RPO and RTO – Backup and Restore Strategies – SOA-C02 Study Guide

RPO and RTO

Whenever you are choosing any backup strategy, you need to also define the recovery-point objective (RPO) and the recovery-time objective (RTO). The RPO is used to define how much data can be lost during an event that requires you to restore data, and the RTO defines the time allowed to recover the data and bring it fully online.

For example, an RPO of one hour means that you can lose no more than one hour’s worth of data. You should thus select a backup procedure that will capture data every hour at a minimum. If possible, capturing more frequently than each hour ensures that you have not one but several recovery points to return to because the latest one might be incomplete, corrupted, or not reflect a valid point to return to.

An RTO of one hour means that you need to bring the application back to the state before the event within at most one hour. To achieve the lowest possible RTO, you need to employ a good recovery strategy that is simple to execute and as automated as possible.

Figure 6.1 represents the RPO and RTO and how these two factors relate to an event that disrupts an application.

FIGURE 6.1 RTO and RPO

Disaster Recovery

Another term that we need to cover when discussing backups is disaster recovery. The idea of disaster recovery stems from traditional datacenters, where computing was done in one location (usually due to cost and proximity to the clients/workforce). Traditionally, disaster recovery outlines a plan to recover the primary operating environment from remotely stored backups. These backups could be represented by any type of data storage, ranging from tapes or disks, cold-stored in a remote location, that can be returned to the primary environment and restored, to online storage and standby servers in a remote location that can be activated to take the production load at any moment, and everything in between.

The traditional concept implies that there are so-called cold resources—tapes, disks, storage, servers that are not in use in day-to-day operations because they need to be made available at all times in case of a disaster. This can lead to expensive hardware being unused and can dramatically increase the operating expenses of any application.

In AWS, there is no concept of cold datacenters. All of the equipment is online at all times to deliver AWS services; however, the load on the equipment is never even close to 100 percent. This means that there is always some spare capacity across each AWS datacenter, availability zone, and region that you can use for the purpose of disaster recovery. Because AWS services are pay-per-use, this implies that you never have to pay for any resources that are “waiting” for you to fail over to.

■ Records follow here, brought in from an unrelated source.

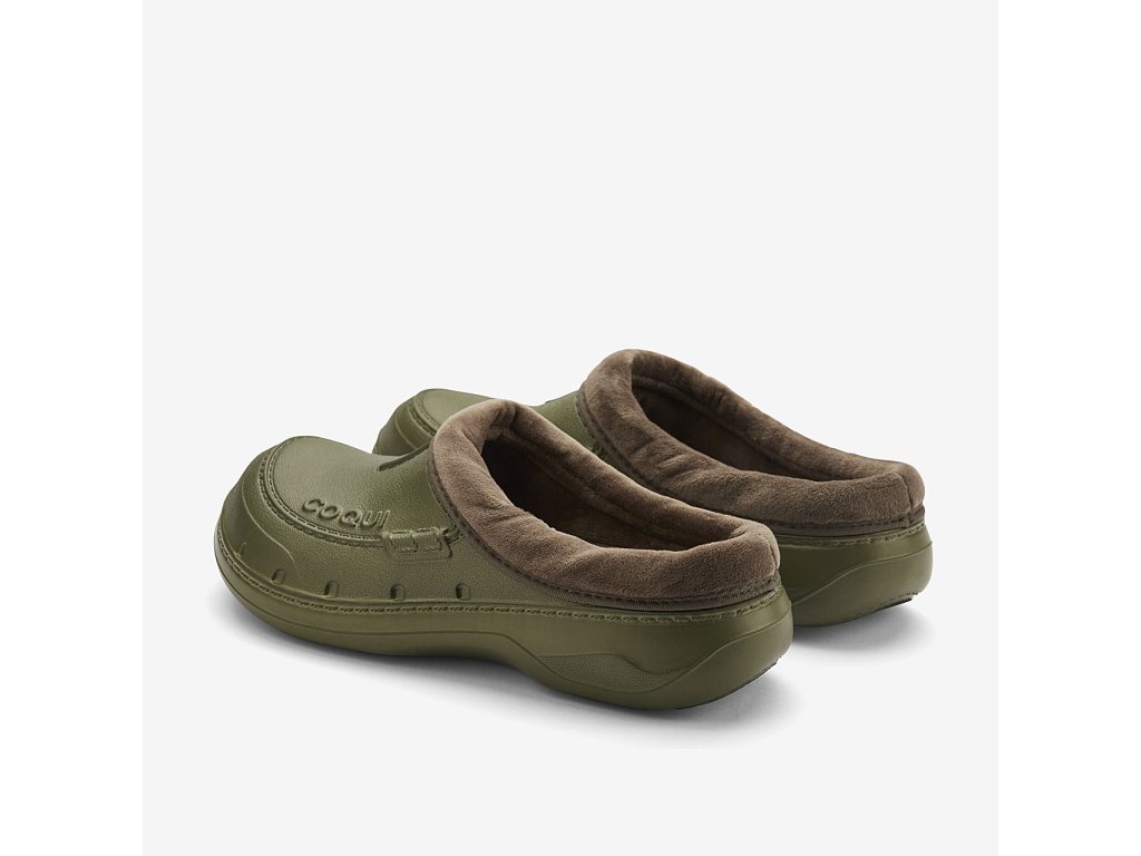 Oblíbené pánské nazouváky s podšívkou z umělé kožešiny budou v chladnějším období ideálním a praktickým doplňkem. Jsou vyrobeny z neklouzavého antibakteriálního materiálu CoquiAir a jsou určeny k běžnému nošení především ve vnitřních prostorech. Hřejivé, lehké, ohebné a hlavně pohodlnné. Vhodné na normálně široké až širší nožky. V tmavě zeleném provedení.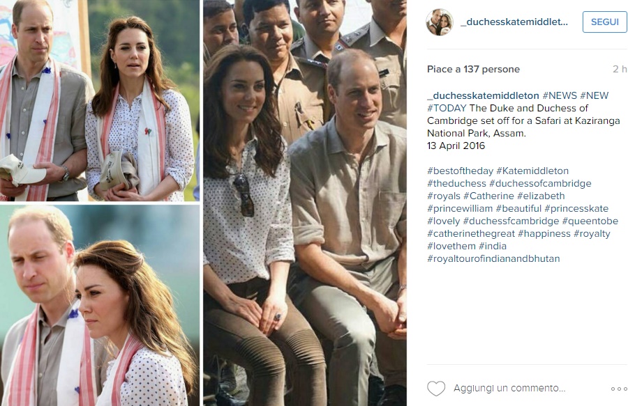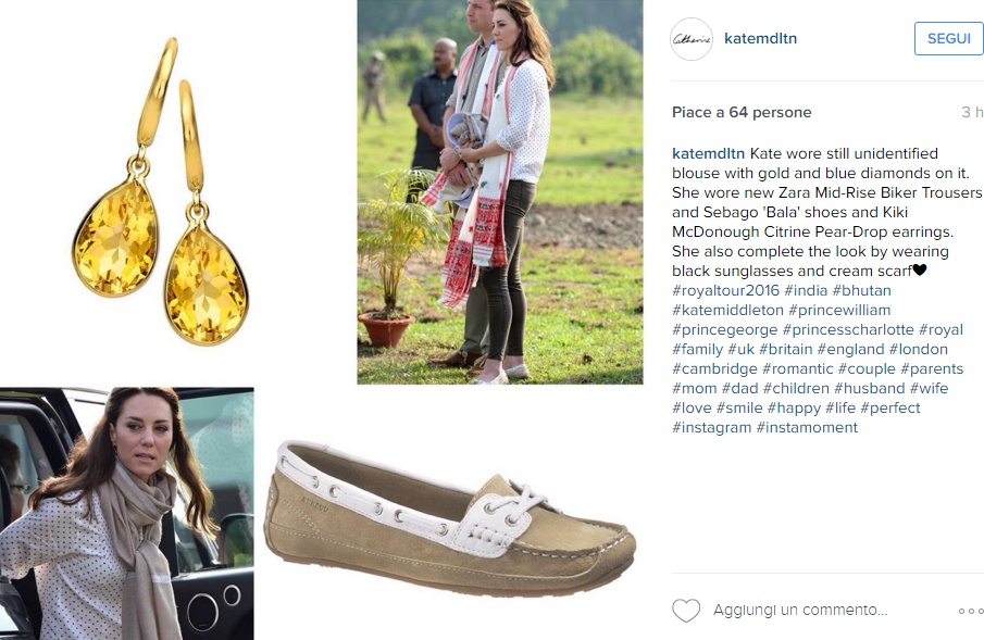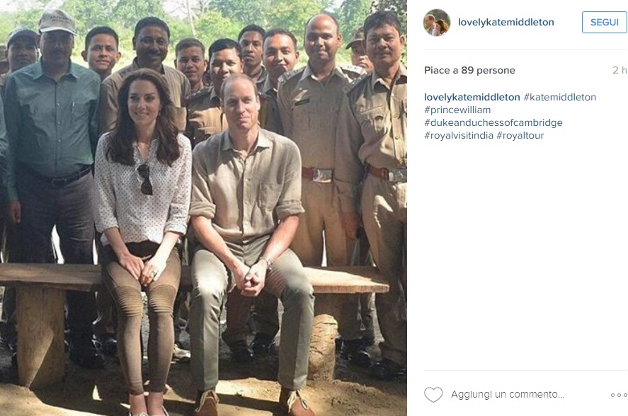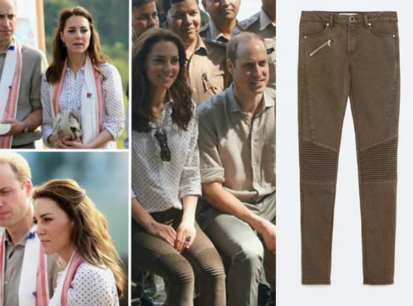 Aprile 2016, viaggio istituzionale in India insieme al marito William. In occasione di un Safari, la Duchessa ha sfoggiato una meravigliosa mise casual.: pantaloni low-cost Zara, blusa a pois e mocassini.Aprile 2016, viaggio istituzionale in India insieme al marito William. In occasione di un Safari, la Duchessa ha sfoggiato una meravigliosa mise casual.: pantaloni low-cost Zara, blusa a pois e mocassini.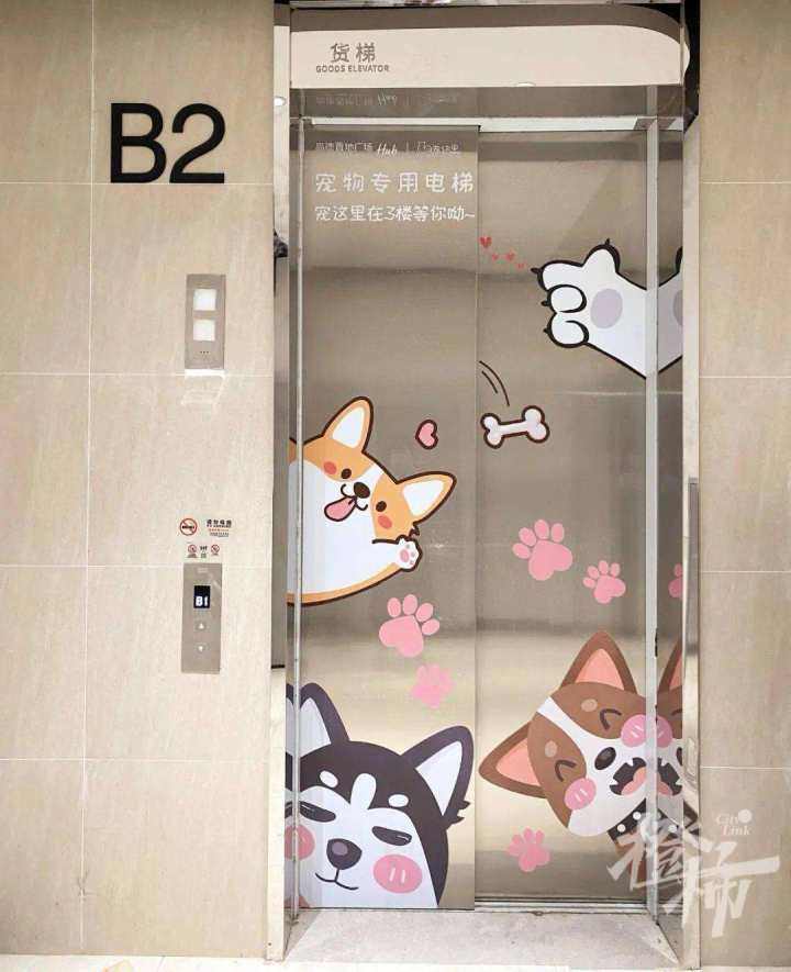 高德置地广场,杭州首个宠物文化街区,地库还有专属宠物的电梯。商场一楼就可以租到宠物推车,街区提供宠物用品、餐厅、洗护、训练等一站式服务,还有一块人工草坪可以玩耍。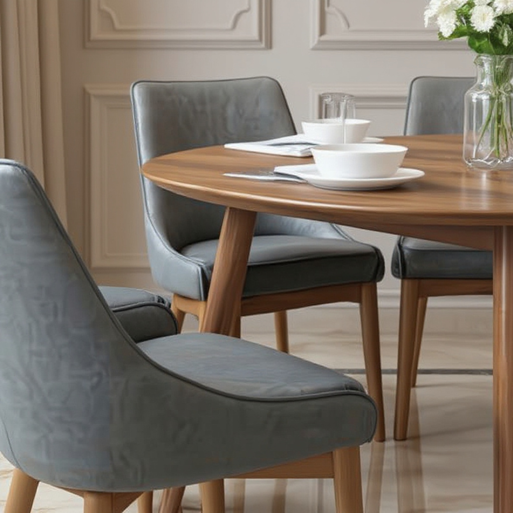 The Nordic Aura Round Dining Set blends warm wood tones with smooth, modern upholstery for effortless elegance.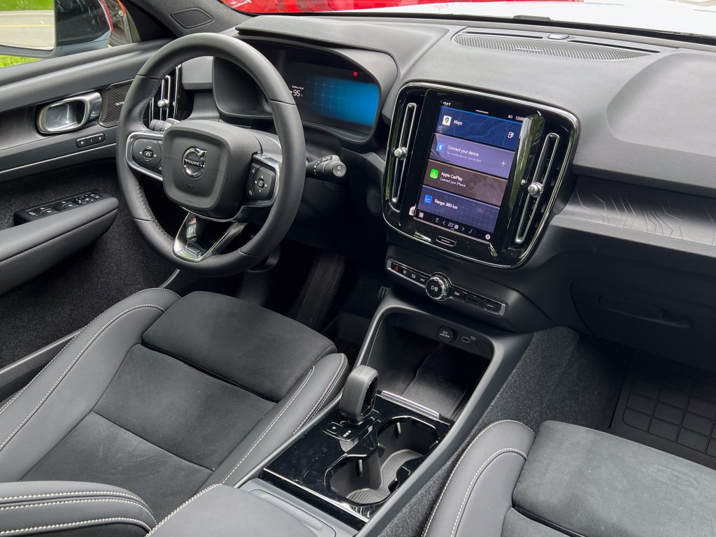 內廂看似與燃油版一式一樣,但正要起行之際發覺start/stop掣全不知去向(在燃油版XC40上原置於軚盤對後右方),不坊先將波箱捍向D下撥看看能否完事,果然就這樣可以起行。原來平時的撻車及熄匙動作經已全免,XC40 Recharge會透過駕駛席感應器來通知樞紐的,起初會有點不慣但一經熟習後便倒覺此正最自然不過的事。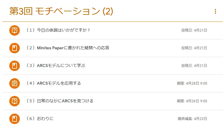 この授業ではオンデマンドを 2 回とりいれました。一人の学習はモチベーションをあげるのもなかなか大変だと思いましたので、自然と学べるような構成を工夫しました。たとえば、第 3 回はモチベーションについてさらに学ぶ回でしたが、体調について答える「つかみ質問」にはじまり、前回の質問への解説動画、理論についての説明動画、レポート課題2つ、振り返り、という構成としました。MOOC(Massive Open Online Course)の作成経験があったので、時間の短い複数の動画とクイズを組み合わせるという一般的な MOOC の流れを参考にしました。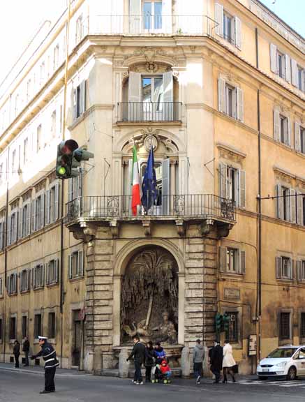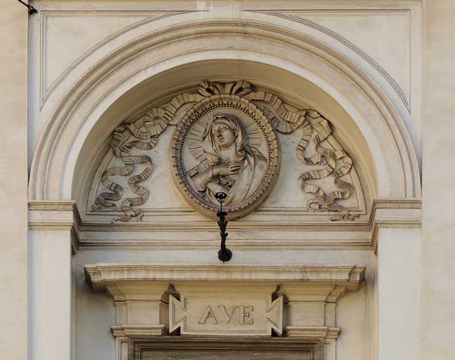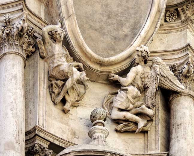 ![]() Tiber ![]() Tiber ![]() Above Tiber fountain: Medallion depicting Mary, the mother of Jesus, with flanking ribbons. "Ave" means "hail," as in "Hail, Mary, full of grace..." ![]() Baroque curves on window surround ![]() Baroque serpentine motion. 3 facades ![]() Two facades. The second, a narrow bay crowned with its own small tower, turns away from the main facade and, following the curve of the street, faces an intersection ![]() Baroque serpentine motion |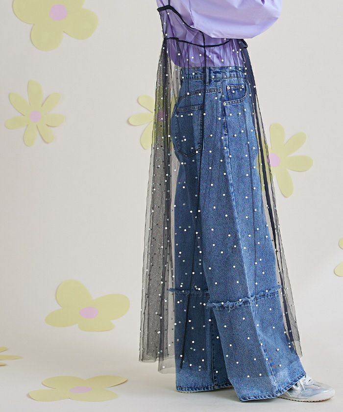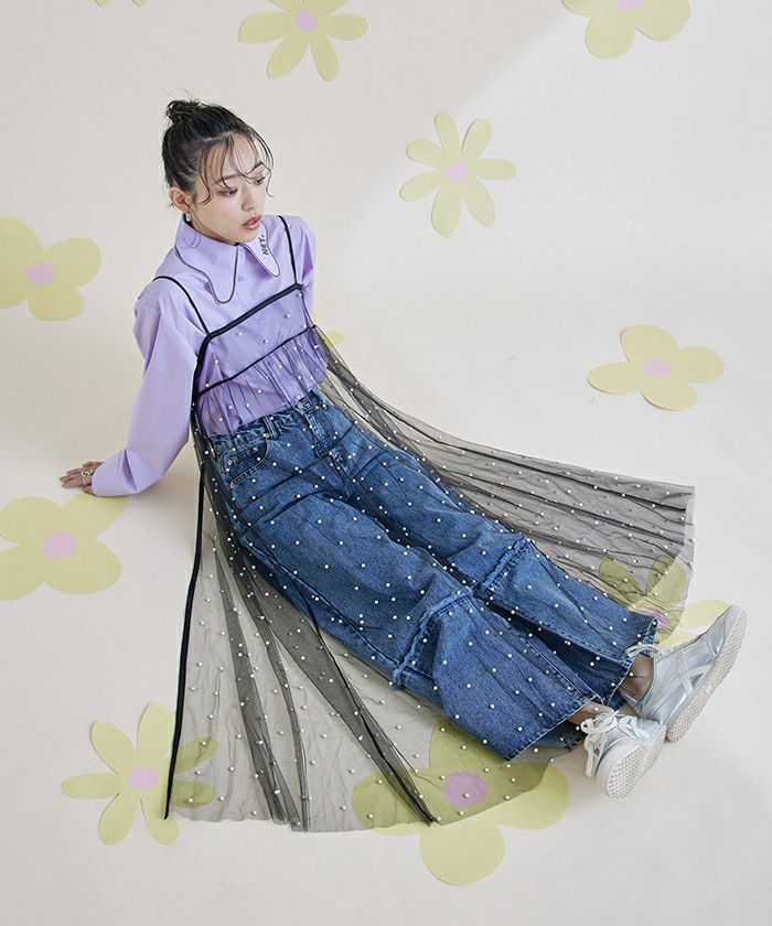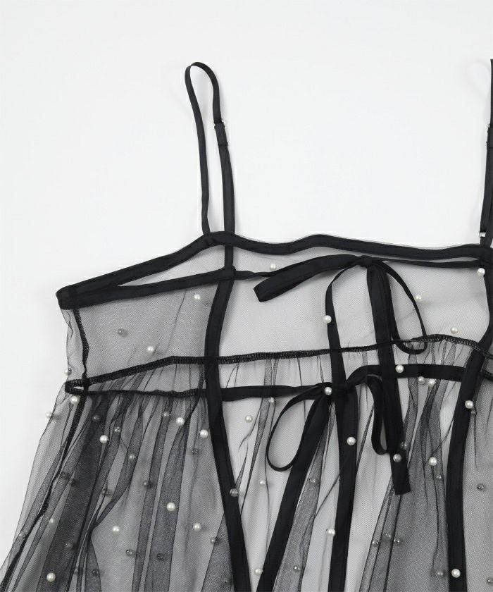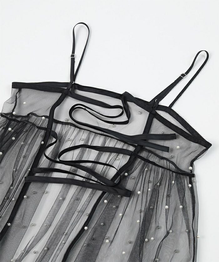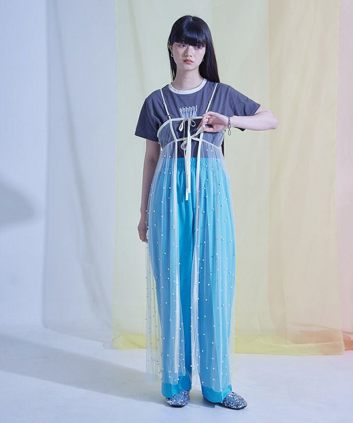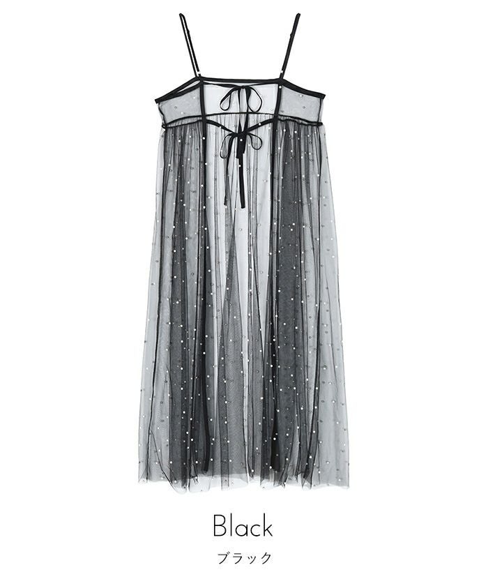 前後2wayパール付きチュールワンピース【miette ミエット】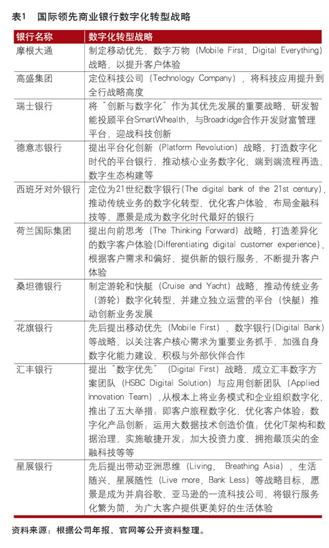 2008年国际金融危机后,在世界经济增速下滑、监管合规要求趋严、金融科技公司分流等多重压力下,各国银行业收入增长均出现明显下降,全球银行业净资产收益率连续十年低于10%。目前,数字化转型已成为拉动经济增长的重要引擎。为顺应数字化发展趋势,国际领先商业银行均已着手探索转型之路,为未来的发展奠定基础。 国际领先商业银行数字化转型经验 近年来,国际领先商业银行纷纷开始数字化转型。根据安永2018年的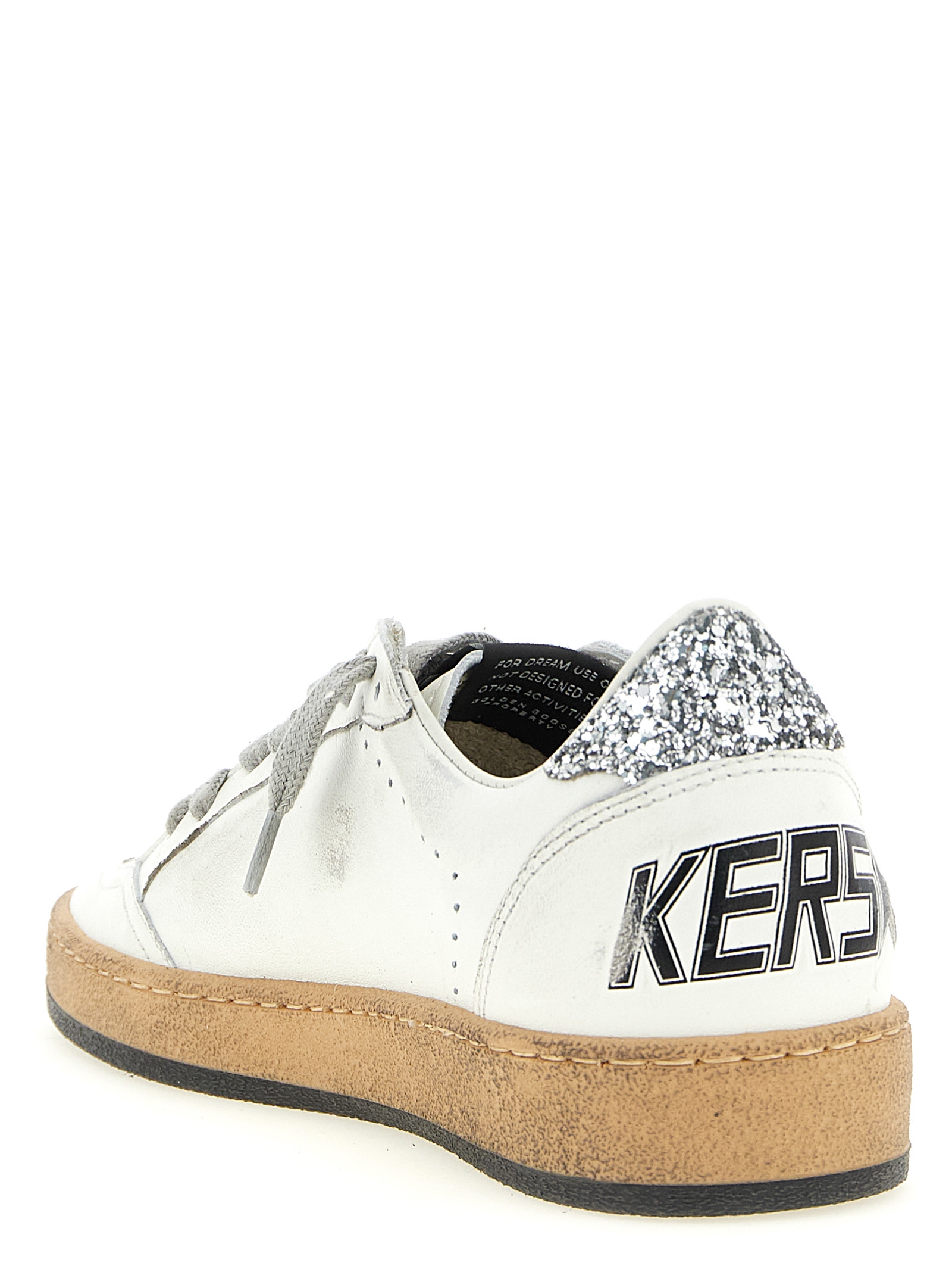 Ball star sneakers in used-effect leather with glitter details, Laces, And rubber sole.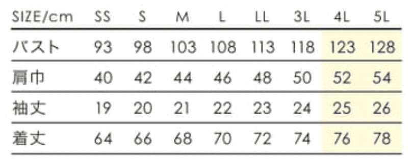 | サイズ | SS,S,M,L,LL,3L,4L,5L |
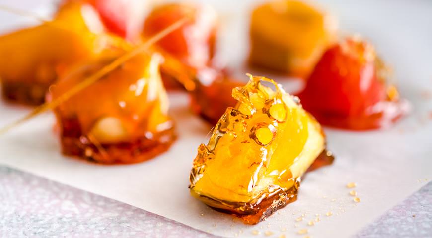 Из ливной карамели в домашних условиях нетрудно выполнить «петушков» и «зайчиков» на палочках, имея соответствующие формы. Вы можете привести в восторг гостей, покрыв карамелью кусочки фруктов и ягоды.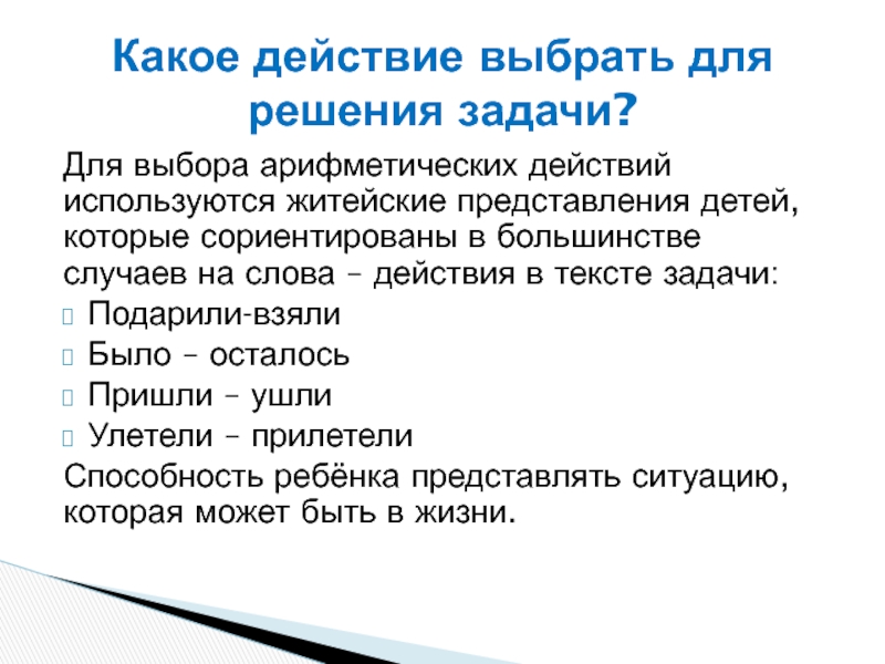 Какое действие выбрать для решения задачи?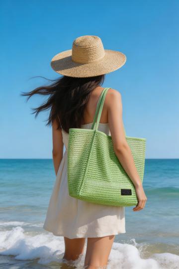 清新自然的海边场景,搭配浅色连衣裙与草帽,绿色编织托特包增添时尚感与轻拟物风,整体呈现夏日浪漫与舒适质感。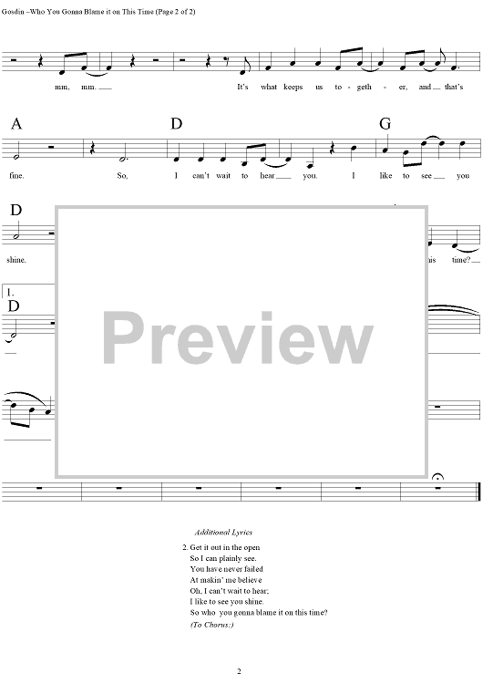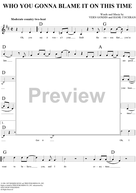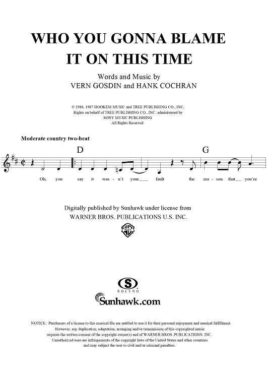 Digital Sheet Music for Who You Gonna Blame it on This Time by Vern Gosdin, Hank Cochran scored for Lead Sheet; id:268243

Overview of Backup Strategies

One thing to consider in AWS is that any backup can also be used as a seed for disaster recovery. To ensure you can both recover data and restore a complete environment in case of disaster, you have to select a backup strategy. There are four general ways to set up the backup of your environment that will also support full disaster recovery:

Backup and restore

Pilot light

Warm standby

Multisite active-active

Regardless of whether your primary environment is on-premises or AWS, the design of these strategies works exactly the same. In the following sections, we refer to the production environment, which represents the primary site or primary AWS region, and the backup environment, which represents an AWS region where backups are stored and where disaster recovery can be initiated.